However, your gelding is older – so I’d think injections would be OK for him. That being said, I’m all about trying other things BEFORE injections. Frankly, injections can be very expensive and there’s always a risk with them.

If it were my horse… I’d have a basic lameness exam done. I think your horse probably is lacking a lot of the muscling and fitness he needs to canter. Yes he probably has some arthritis too, but he might just need more fitness.

I’d talk with your vet. And ask about adequan! It is an IM injection. I think it’s a great “first step” before hock injections. It’s less expensive and less invasive.

I personally try to avoid long term drugs of any sort. For myself and for my horse. Now I know sometimes some of us and some of them need a little bit of something to move comfortably, but I think you have a lot of options.
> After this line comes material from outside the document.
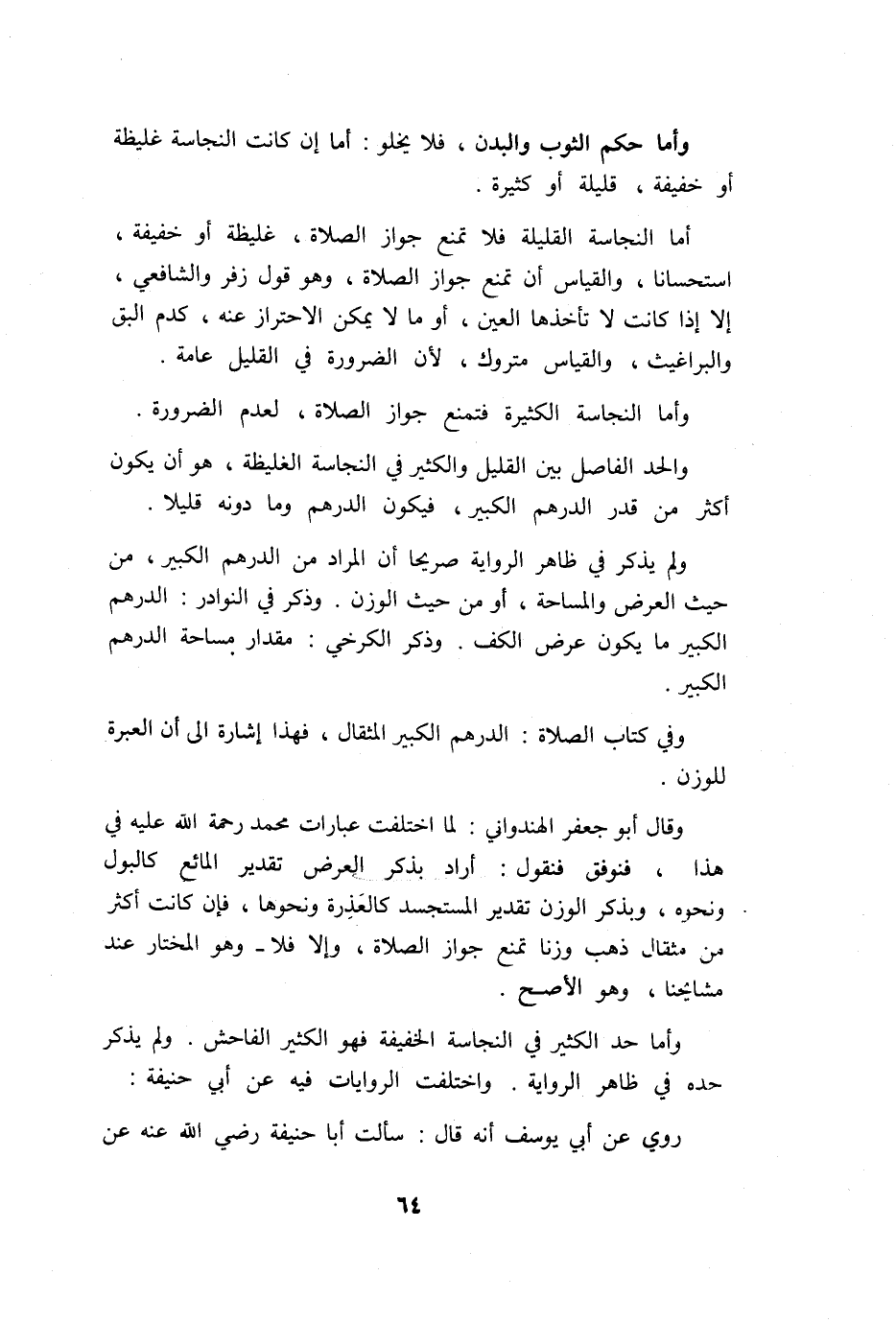 وَقَالَ أَبُو جَعْفَر الهنداوي لما اخْتلفت عِبَارَات مُحَمَّد رَحْمَة الله عَلَيْهِ فِي هَذَا فنوفق فَنَقُول أَرَادَ بِذكر الْعرض تَقْدِير الْمَائِع كالبول وَنَحْوه وبذكر الْوَزْن تَقْدِير المستجسد كالعذرة وَنَحْوهَا فَإِن كَانَت أَكثر من مِثَال ذهب وزنا تمنع جَوَاز الصَّلَاة وَإِلَّا فَلَا وَهُوَ الْمُخْتَار عِنْد مَشَايِخنَا وَهُوَ الْأَصَح

Good luck! Keep us posted!

First, asking a vet is the best choice here.

But for what its worth, I’ve had similar conversations with my vet. In an older horse like this, you might actually see more improvement with Equiox, as there may be something going on in more than just the hocks. I mean, he’s older and its not out of the realm of reasonable.

However, if the vet says it really is ONLY the hocks, the injections can be great. And you’re not ruining your horse by doing them.

My vet usually will offer both options, and let me decide which makes the most sense depending on budget and the horse in question.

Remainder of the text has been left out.